What’s stopping you?
When I’ve mentioned my abhyanga practice to others, people are often intrigued. However two main things come up. The first is a comment along the lines of “this sounds interesting but I don’t have time for one more thing in my routine.” Overwhelm and stress are common in our busy time. It is easy for me to let ten minutes pass while scrolling on my phone or thinking about everything I have to do or wish happened differently. When I chose to focus this time on myself, I am calmer, clearer, and better equipped to help others. By stopping and slowing down to massage yourself, you will be more present and balanced. You will free up time in your day and energy in your body by reducing stress and promoting the conditions for your body to rest, repair, and restore itself. The belief that you don’t have enough time itself may shift – this is certainly true for me.

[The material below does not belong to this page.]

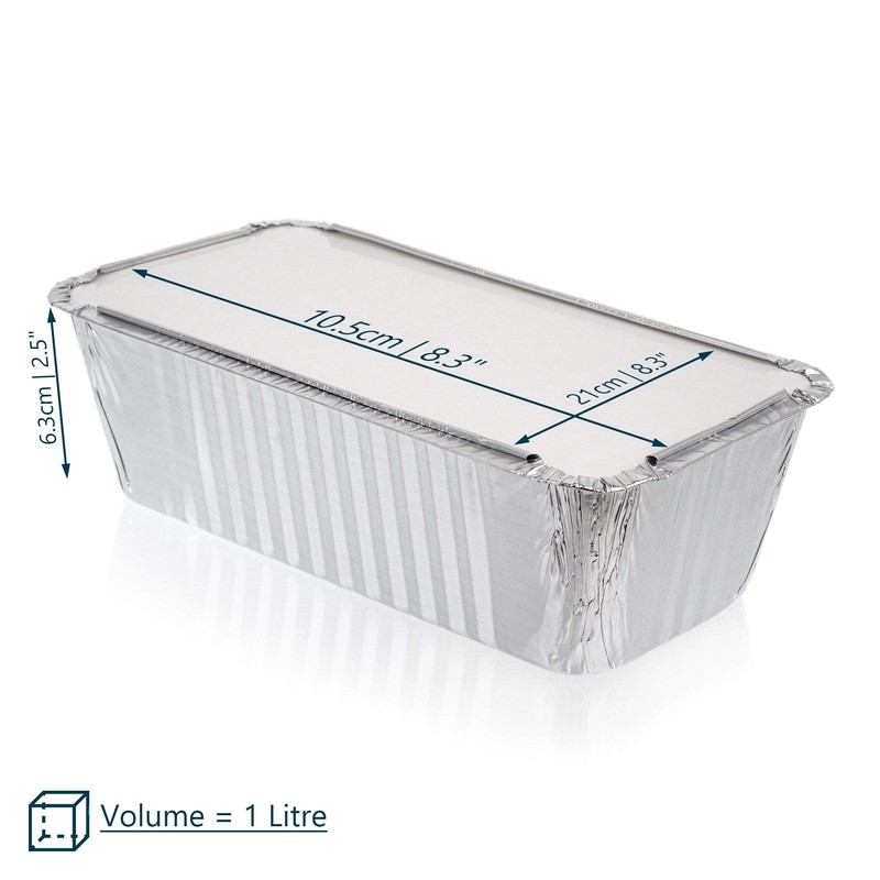 Pack of 10, 1 Litre Aluminum Container Pans with Lids ~ Foil Trays with Lids ~ Good for Baking, Cooking, Storing and Freezing ~ Loaf Size 10.5.cm x 21cm (4.1 inch x 8.25 inch)

The second comment is, “what if I have oily skin or acne? Adding oil sounds good but only for people with dry skin.” Actually, oily skin, dry skin, and acne are all signs of imbalance. Oil helps re-balance skin. If your skin is dry, it adds hydration. If your skin is oily that means your sebaceous glands are overactive and producing too much oil, which may be caused by drying bath and beauty products. Adding oil can dissolve excess oil present on your skin, since like attracts like, without stripping your skin of the oil it needs. Oil can also soothe irritated skin and re-balance beneficial skin bacteria. I recommend starting with lighter oils like jojoba, sunflower, or even a high quality olive oil if you have acne.